*Supplied records:*
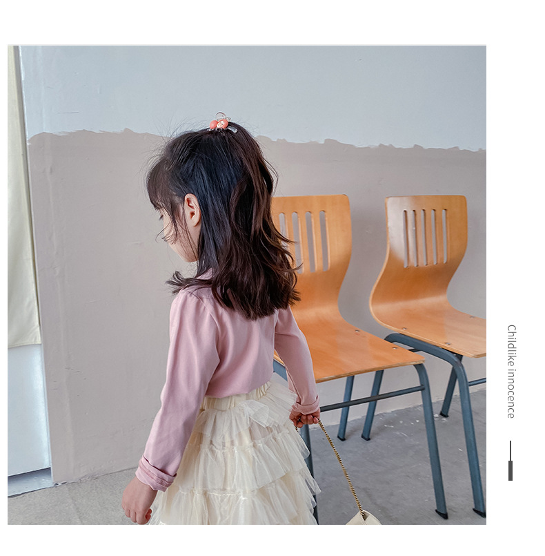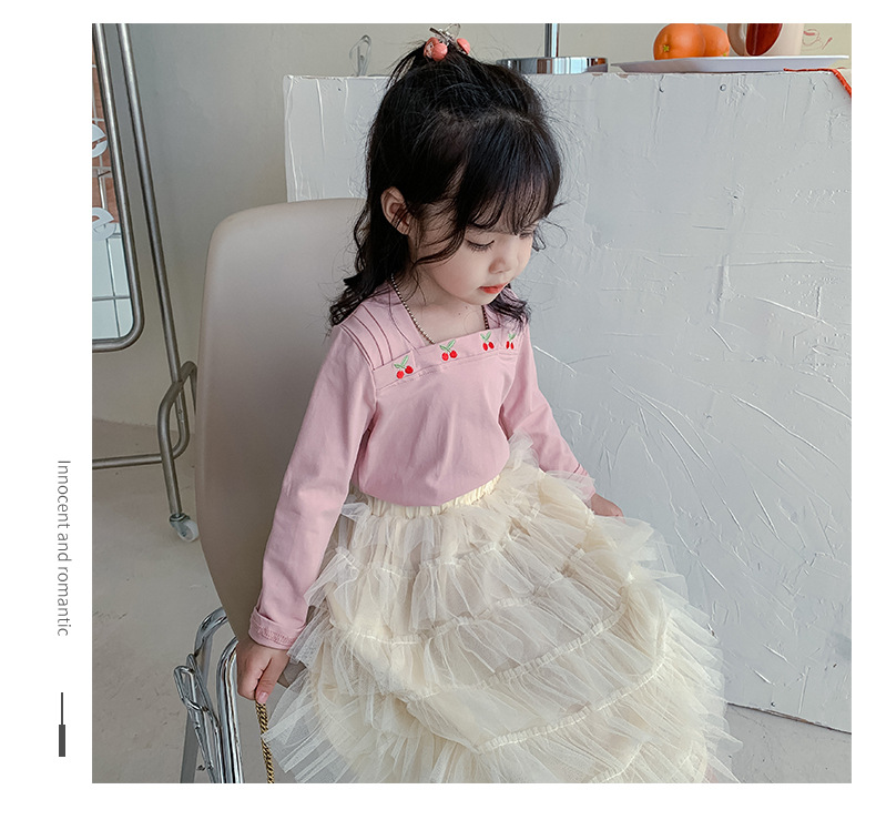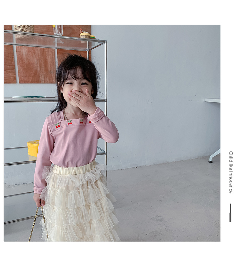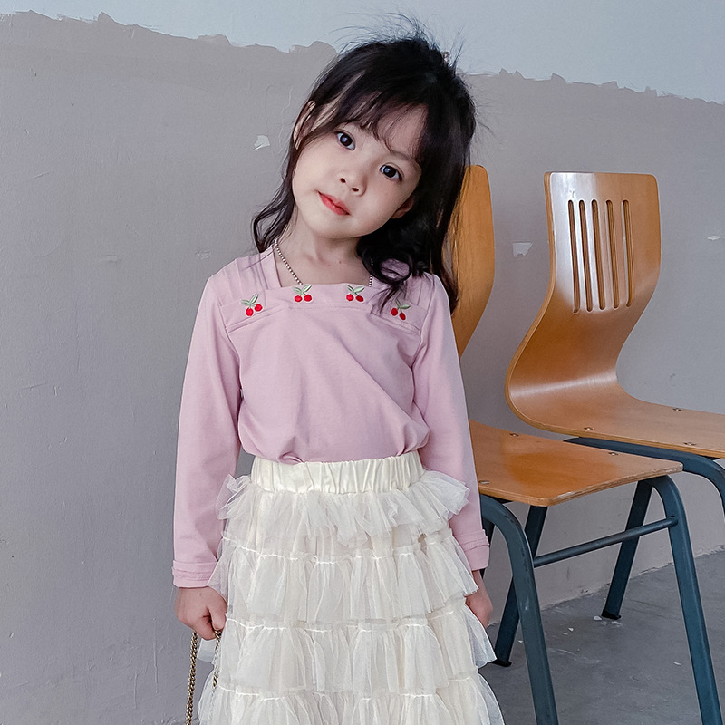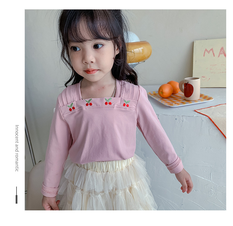 가을 2024 한국식 어린이 탑 소녀를위한 단색 꽃 자수 면화 긴 소매 스퀘어 칼라 티셔츠스토어 가기
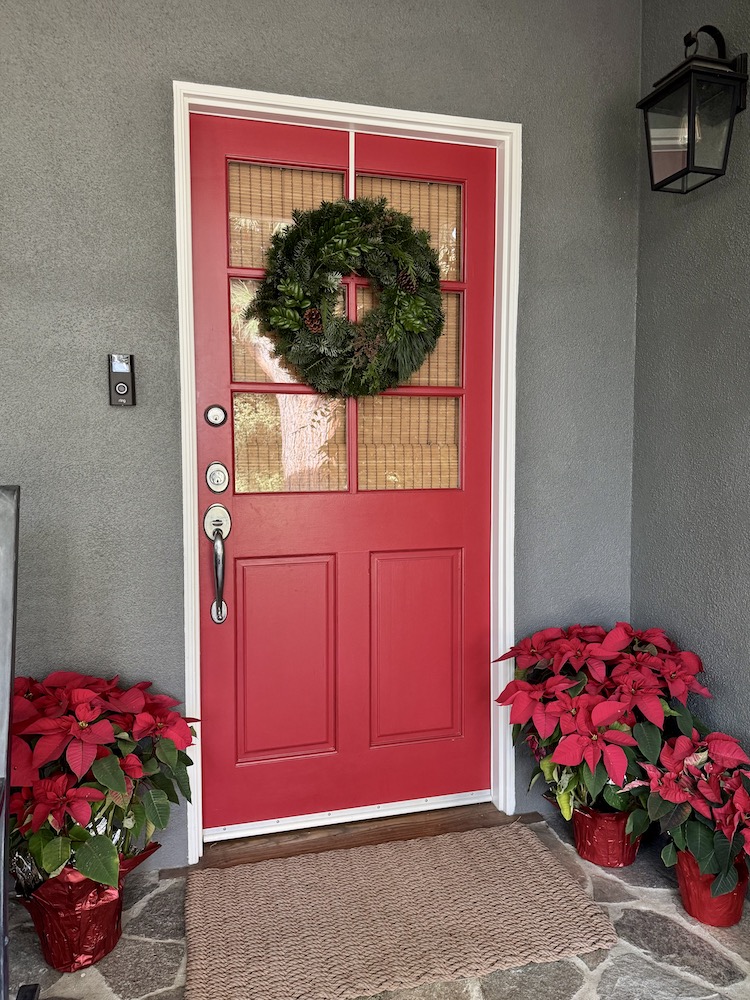 The garland is outside and still looks really good! and the wreaths are still up too!
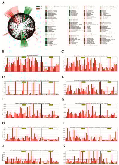 Analysis of the specific intestinal microbes in GD patients compared with those in healthy individuals with the LEfSe method. (A) The taxonomic rank shows the subordination of the species in turn from the inner circle to the outer circle. The node size corresponds to the average relative abundances of species. The node color indicates the species with significant dissimilarities between groups. The names of different species are identified using letters. (B–K) Intestinal microbes with the most significant difference in the patient group compared to those in healthy people. Note: N: healthy individuals, D: GD patients.
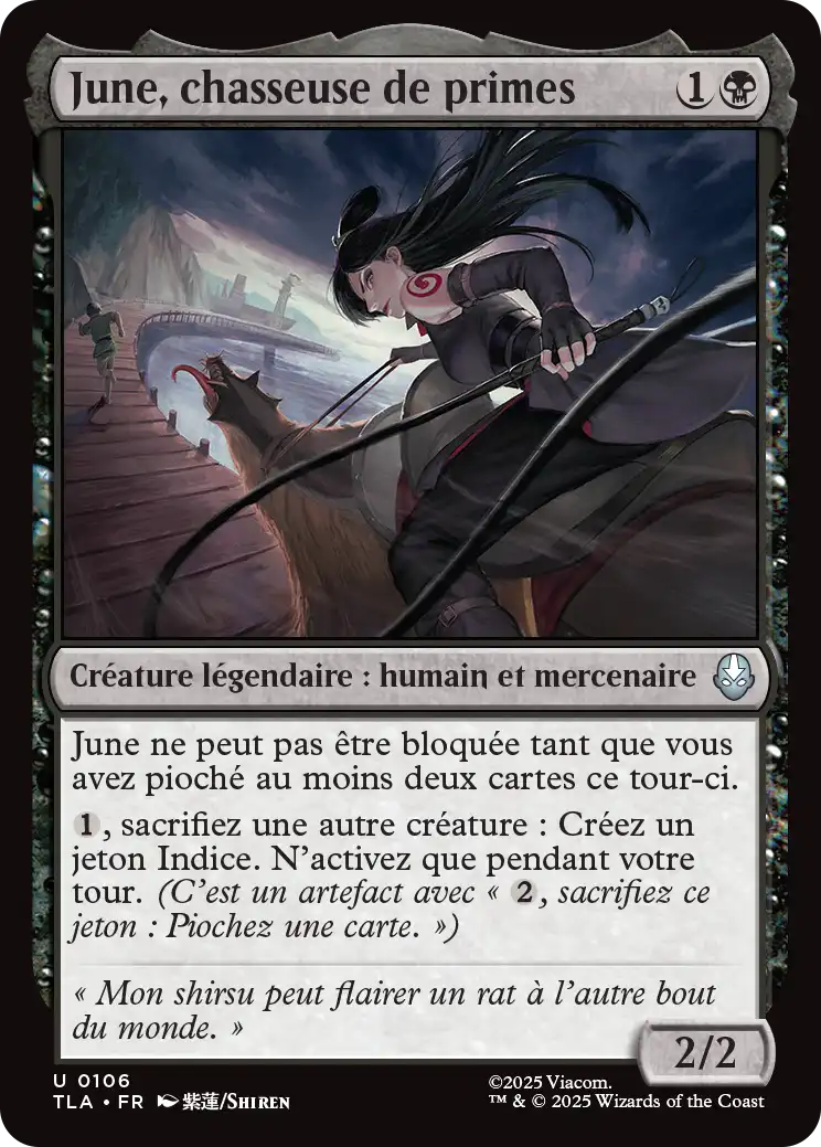 June, chasseuse de primes est imblocable si vous avez pioché 2 cartes ce tour-ci. Elle vous permet de sacrifier une autre créature en payant un mana incolore pour créer un jeton indice.
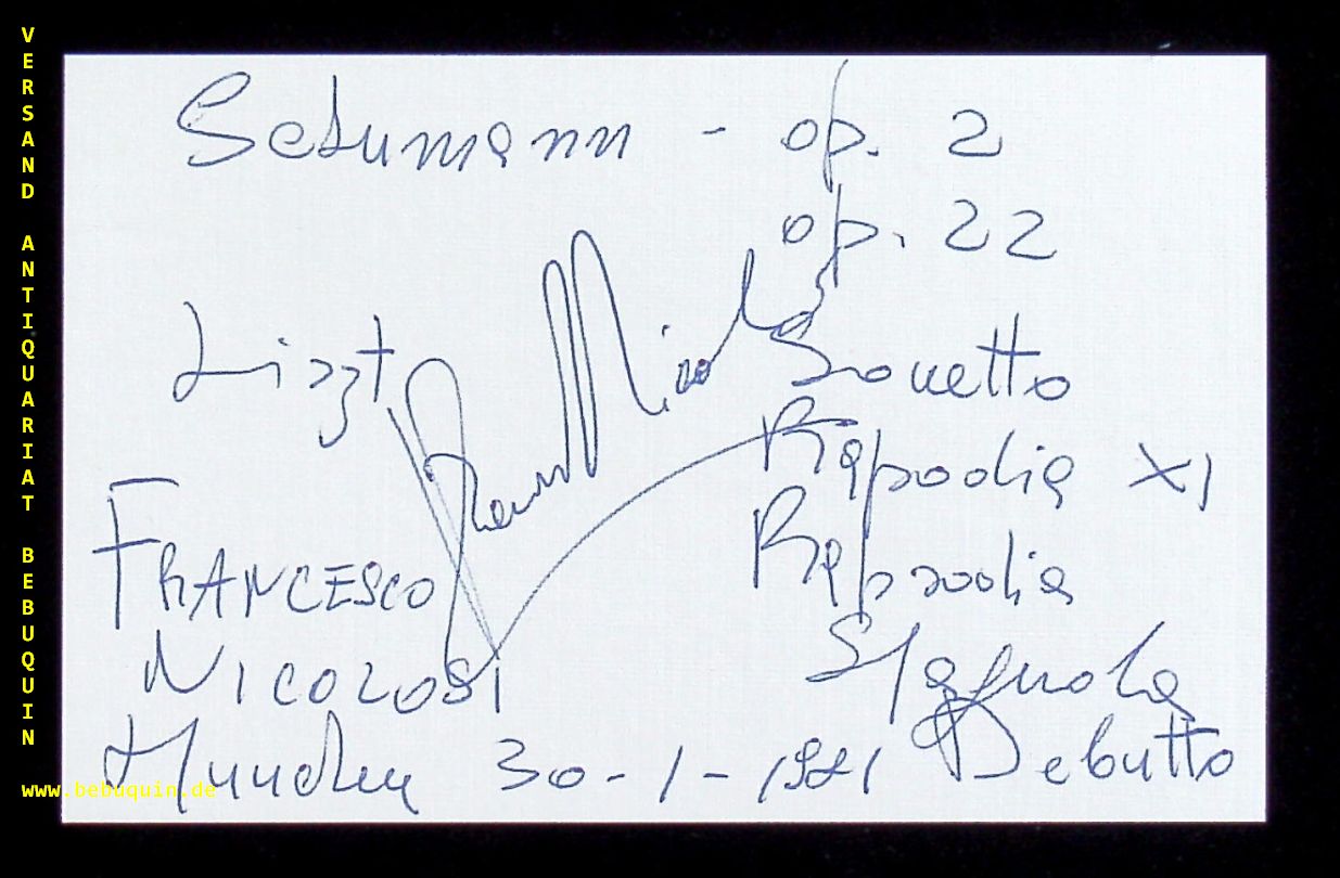 NICOLOSI, Francesco (Pianist): eigenhändig datierte und signierte Autogrammkarte mit eigenhändiger detaillierter Programmbeschreibung. München (Philharmonie), 30.1.1981. 8 x 12,5 cm. Karteikarte. Francesco Nicolosi (born December 7, 1954) is an Italian pianist. (Wikipedia)

*To do:* Write out nothing but the lines from the one with "June, chasseuse de" through the last line of the entries, exactly as they stand; pictures are not part of the copy.

*Your response:*
 June, chasseuse de primes est imblocable si vous avez pioché 2 cartes ce tour-ci. Elle vous permet de sacrifier une autre créature en payant un mana incolore pour créer un jeton indice.
 NICOLOSI, Francesco (Pianist): eigenhändig datierte und signierte Autogrammkarte mit eigenhändiger detaillierter Programmbeschreibung. München (Philharmonie), 30.1.1981. 8 x 12,5 cm. Karteikarte. Francesco Nicolosi (born December 7, 1954) is an Italian pianist. (Wikipedia)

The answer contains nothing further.